Set network routing for subnets
RDS instances need to be permitted outbound communication. Generally, database instances are placed in private subnets, so developers should allow the subnets to communicate to outbound.
Add error handling to procedure
For error handling, add HANDLER
declaration that executes AWS Lambda function to procedure. Call Lambda function named rds_monitor
using mysql.lambda_async
procedure. The mysql.lambda_async
procedure requires ARN of AWS Lambda as argument.
Code snippet is as below.
1 -- Notify when errors occured
2 DECLARE EXIT HANDLER FOR SQLEXCEPTION
3 BEGIN
4 GET DIAGNOSTICS CONDITION 1 @p1 = RETURNED_SQLSTATE, @p2 = MESSAGE_TEXT;
5 CALL mysql.lambda_async(
6 'arn:aws:lambda:${your_region}:${your_account_id}:function:rds_monitor',
7 CONCAT('{"message":"', @p2, '",',
8 '"state":"', @p1, '"}')
9 );
10 END;
Add the above snippet to the previous procedure code.
1DROP PROCEDURE IF EXISTS add_hoge_partition;
2DELIMITER $$
3CREATE PROCEDURE add_hoge_partition(IN from_date DATE, IN to_date DATE)
4 proc_label:BEGIN
5 DECLARE target_date DATE;
6 DECLARE partition_range DATE;
7 DECLARE p_count INT;
8 DECLARE EXIT HANDLER FOR SQLEXCEPTION
9 BEGIN
10 GET DIAGNOSTICS CONDITION 1 @p1 = RETURNED_SQLSTATE, @p2 = MESSAGE_TEXT;
11 CALL mysql.lambda_async(
12 'arn:aws:lambda:${your_region}:${your_account_id}:function:rds_monitor',
13 CONCAT('{"message":"', @p2, '",',
14 '"state":"', @p1, '"}')
15 );
16 END;
17
18 SET target_date = from_date;
19 WHILE DATEDIFF(to_date, target_date) > 0 DO
20
21 SET partition_range = DATE_ADD(target_date, INTERVAL 1 DAY);
22 SELECT CONCAT(
23 'ALTER TABLE hoge ADD PARTITION ( PARTITION ',
24 DATE_FORMAT(target_date, 'p%Y%m%d'),
25 ' VALUES LESS THAN (UNIX_TIMESTAMP(', QUOTE(DATE_FORMAT(partition_range, '%Y-%m-%d 00:00:00')), ')))'
26 ) INTO @ddl;
27
28 PREPARE ddl_stmt FROM @ddl;
29 EXECUTE ddl_stmt;
30 DEALLOCATE PREPARE ddl_stmt;
31
32 SET target_date = DATE_ADD(target_date, INTERVAL 1 DAY);
33 END WHILE;
34
35 END$$
36DELIMITER ;
Implement AWS Lambda function
Implement AWS Lambda function to handle the message from Aurora.

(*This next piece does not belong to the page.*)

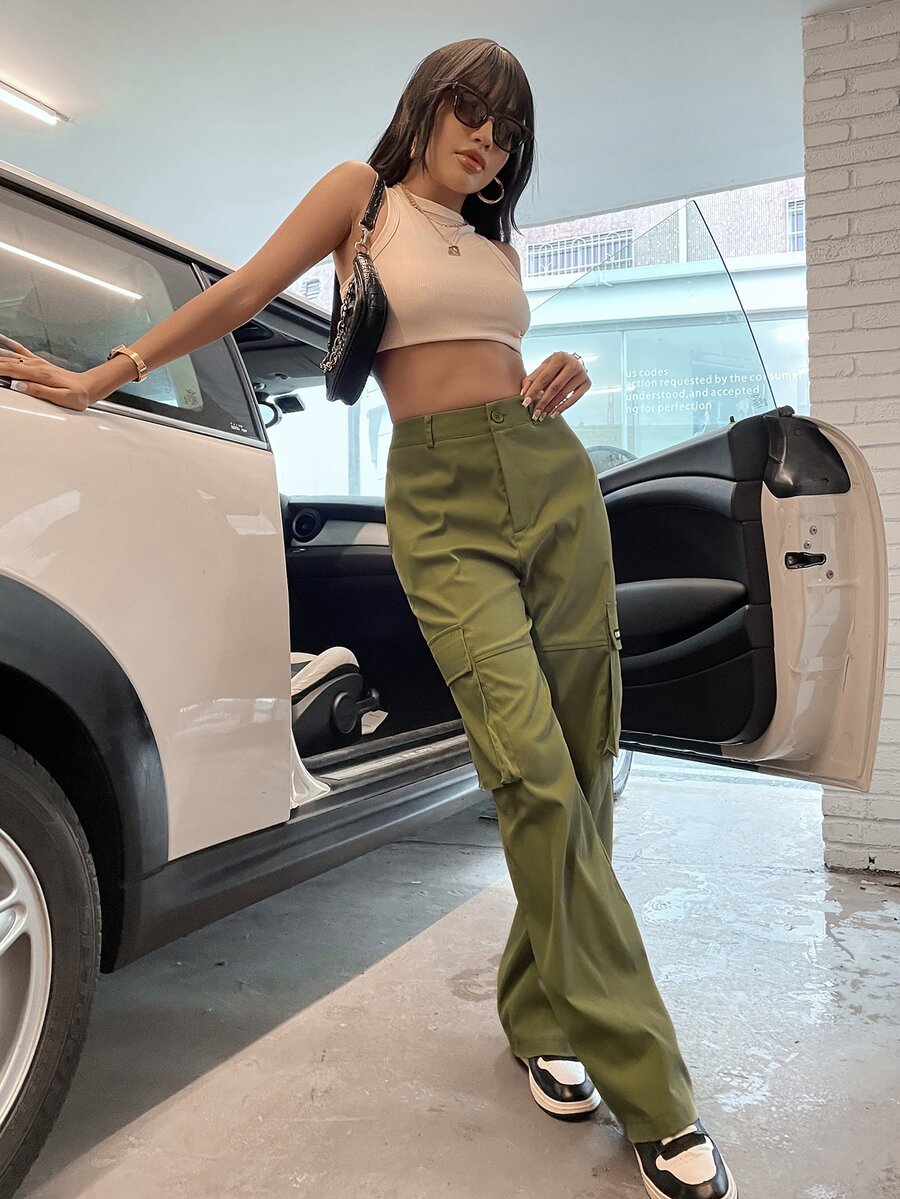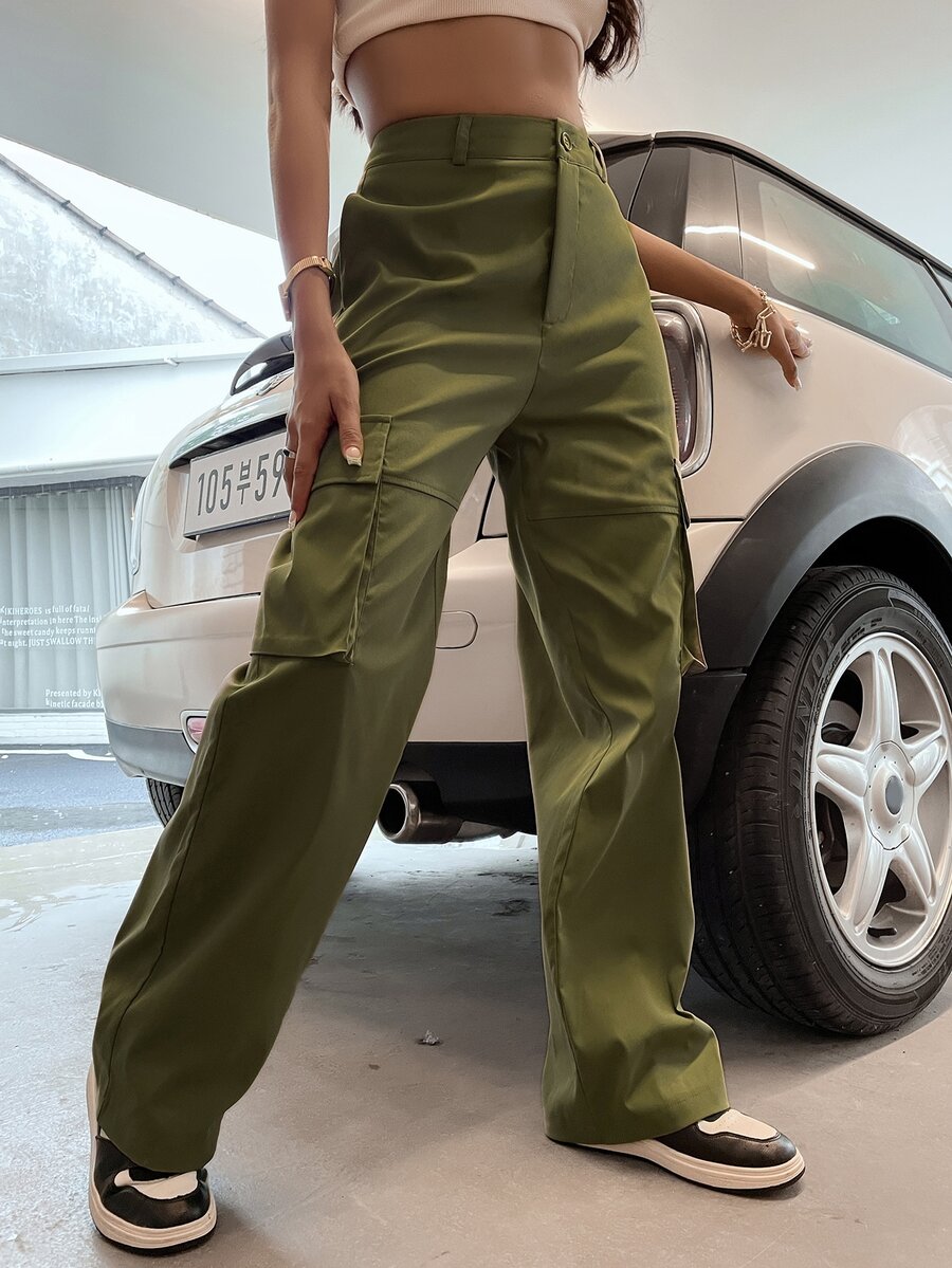 Pantalones cargo con diseño de parche de letra con bolsillo con solapa

In case of me, I implement to notify errors to datadog that is a monitoring service.
[Addition] Error log on RDS instances
To check error log for RDS instances, I opened error/mysql-error-running.log
on AWS Management Console.
However, despite the fact that log file size is 38.2 kB, the log file shows only ‘END OF LOG’ as below.

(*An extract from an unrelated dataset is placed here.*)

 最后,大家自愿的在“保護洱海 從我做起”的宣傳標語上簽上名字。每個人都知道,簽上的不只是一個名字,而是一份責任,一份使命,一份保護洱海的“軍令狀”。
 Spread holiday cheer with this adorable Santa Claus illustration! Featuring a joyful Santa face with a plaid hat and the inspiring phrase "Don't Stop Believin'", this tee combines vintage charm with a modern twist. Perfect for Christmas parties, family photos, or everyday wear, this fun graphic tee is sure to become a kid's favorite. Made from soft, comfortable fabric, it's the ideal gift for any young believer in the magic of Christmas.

Actually, this is the specification of RDS. The file includes the log used by AWS, and the log is not displayed to AWS users. For this reason, the file size is not 0.
Conclusion
It is available to
- Call procedure and add partition table periodically.
- Handle errors when error occured in procedure call.